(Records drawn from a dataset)
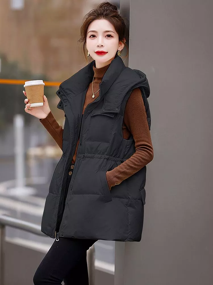 Gilet Imbottito Lungo Con Cappuccio Ampio Nero Casual Caldo Invernale CF60696
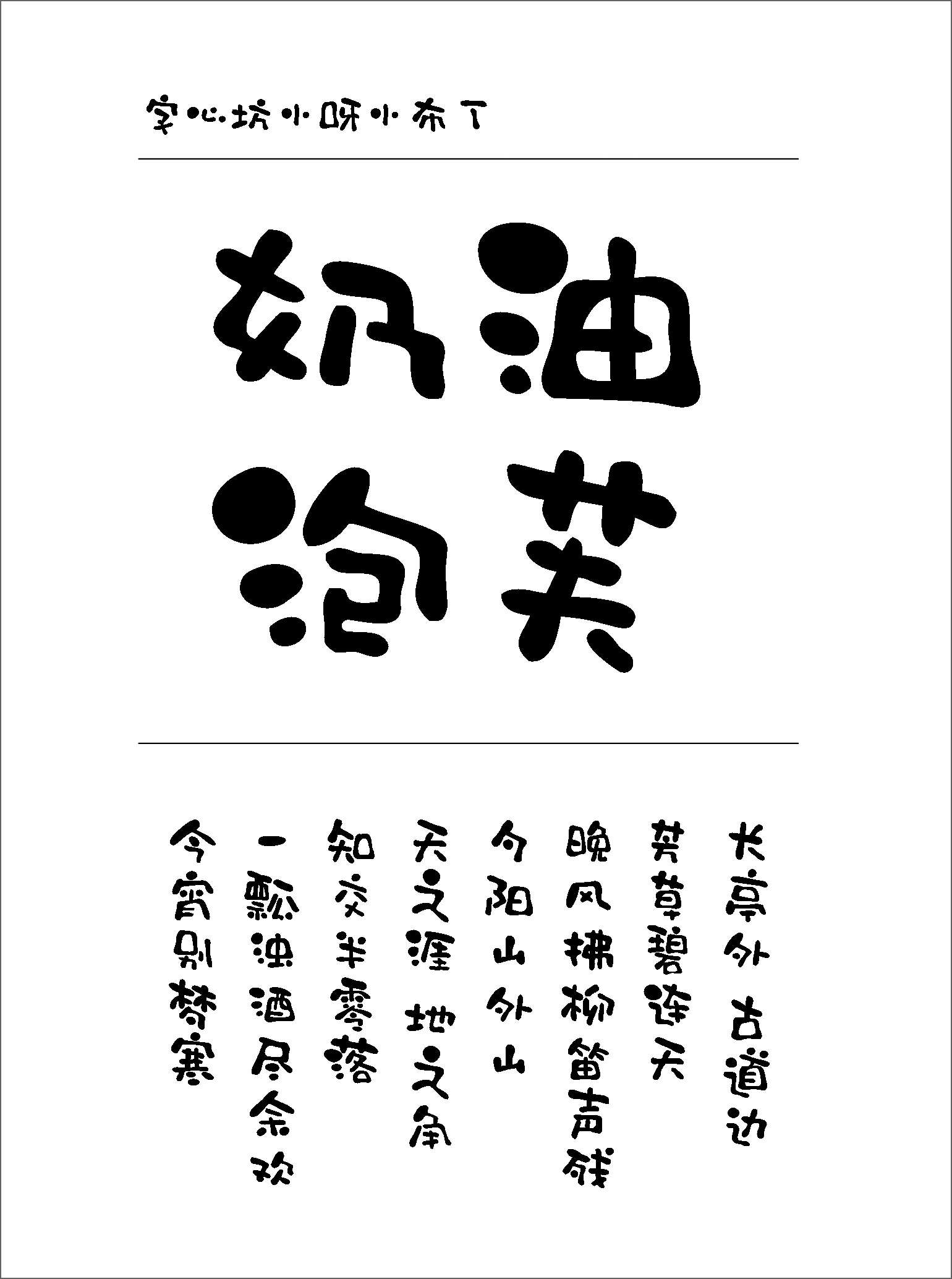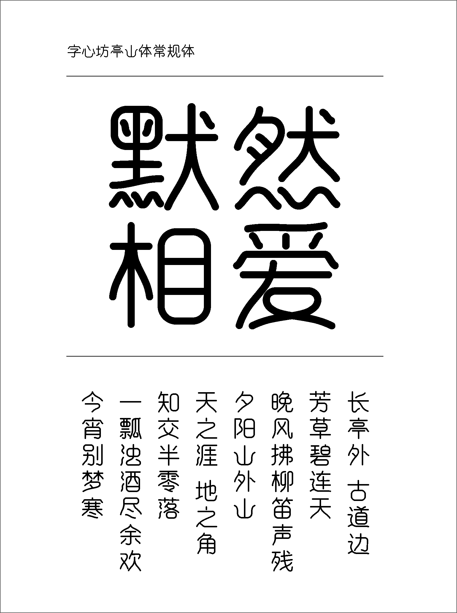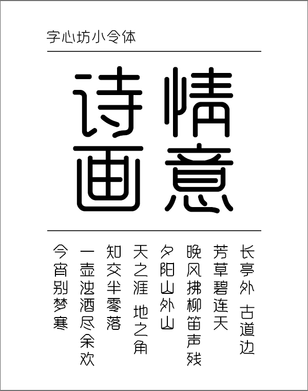 字心坊小令体 字体采用非衬线设计,字形融合中国小篆与黑体字的特点,取小篆的设计元素,同时力求精简,简化篆书,古为今用,在保证最大化识别度的基础上,...
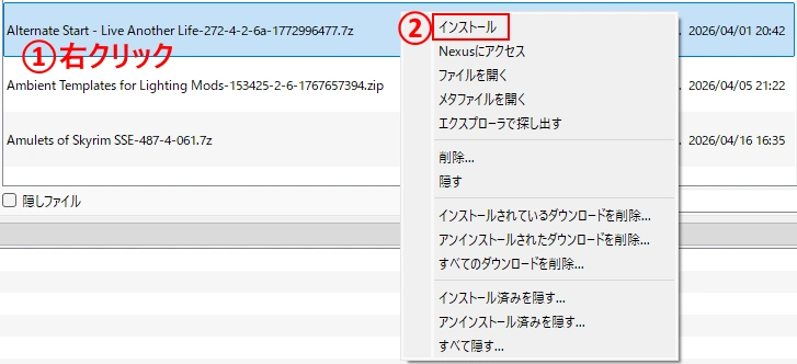 ダウンロードしたMODの上でマウスを①[右クリック]してメニューを出し、②[インストール]をクリックします。
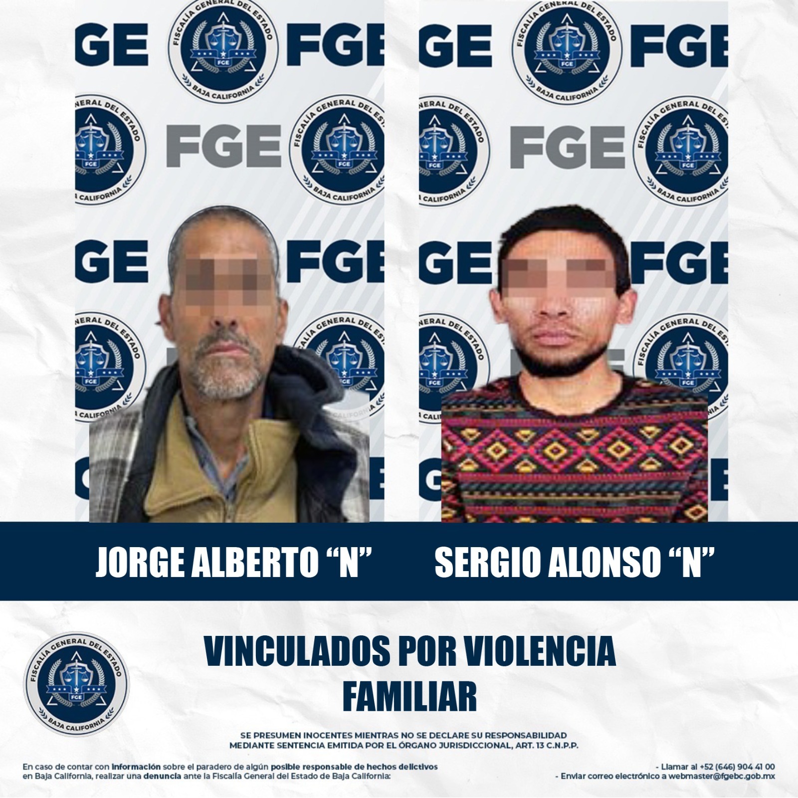 MEXICALI, BAJA CALIFORNIA. - La Fiscalía Regional de Mexicali, a través de las Unidades de Investigación de Delitos Foráneos Guadalupe Victoria y Ciudad Morelos, obtuvo la vinculación a proceso de dos hombres imputados por el delito de violencia familiar.
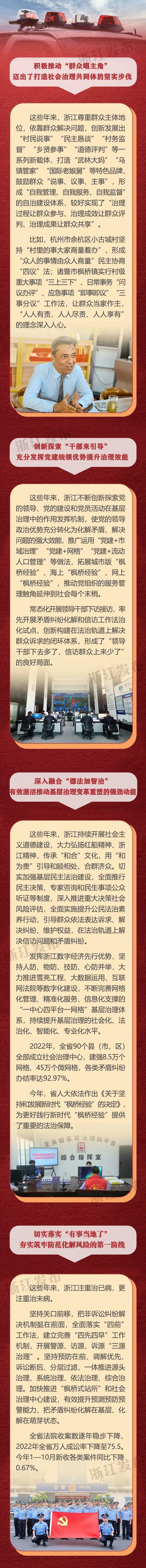 下一步,浙江将更好地统筹发展和安全,持续擦亮新时代“枫桥经验”金名片,走出一条理念更新、效能更好、活力更足、机制更全、领域更宽的省域社会治理现代化之路。
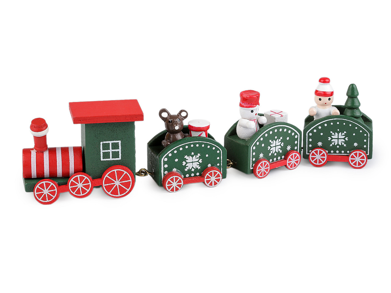 Malý dřevěný vláček rozněžní srdce dětí i dospělých. Mašinka za sebou tahá tři vagóny s dekoracemi v podobě medvídka, sněhuláka a panáčka. Vagóny jsou z obou stran ozdobené malbou. Spojují je kovová očka, nedají se odpojit.
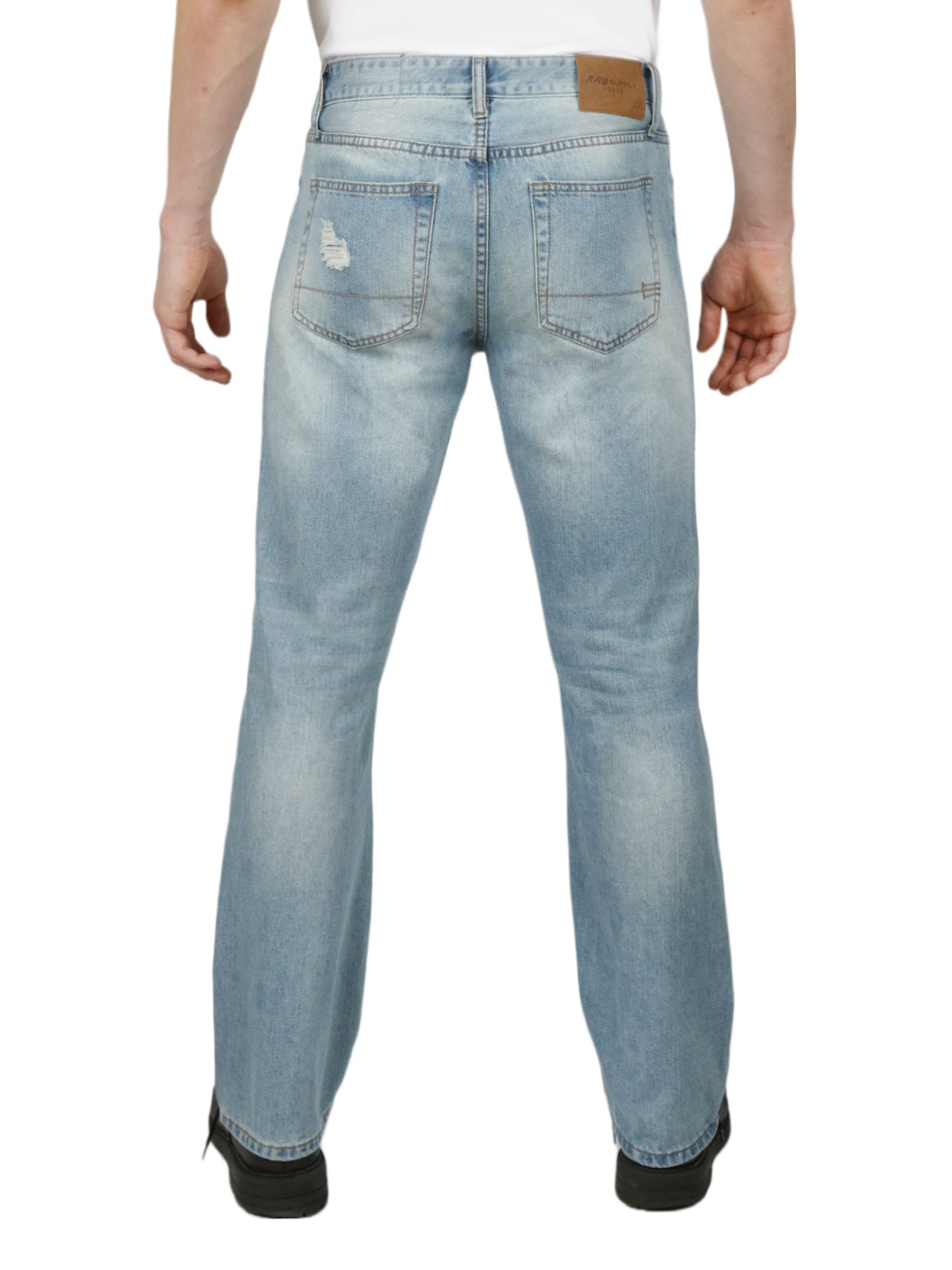 This distressed slim fit bootcut jean features a classic five pocket design in rigid light wash non stretch denim. Product Care : Spot Clean Material : 80% Cotton, 20% Polyester

→ WHAT THE EXERCISE ASKS
The lines to copy begin with the one containing "下一步,浙江将更好地统筹发展" and end with the last line of the entries above; copy them exactly, minus the pictures.

→ RESPONSE AREA
 下一步,浙江将更好地统筹发展和安全,持续擦亮新时代“枫桥经验”金名片,走出一条理念更新、效能更好、活力更足、机制更全、领域更宽的省域社会治理现代化之路。
 Malý dřevěný vláček rozněžní srdce dětí i dospělých. Mašinka za sebou tahá tři vagóny s dekoracemi v podobě medvídka, sněhuláka a panáčka. Vagóny jsou z obou stran ozdobené malbou. Spojují je kovová očka, nedají se odpojit.
 This distressed slim fit bootcut jean features a classic five pocket design in rigid light wash non stretch denim. Product Care : Spot Clean Material : 80% Cotton, 20% Polyester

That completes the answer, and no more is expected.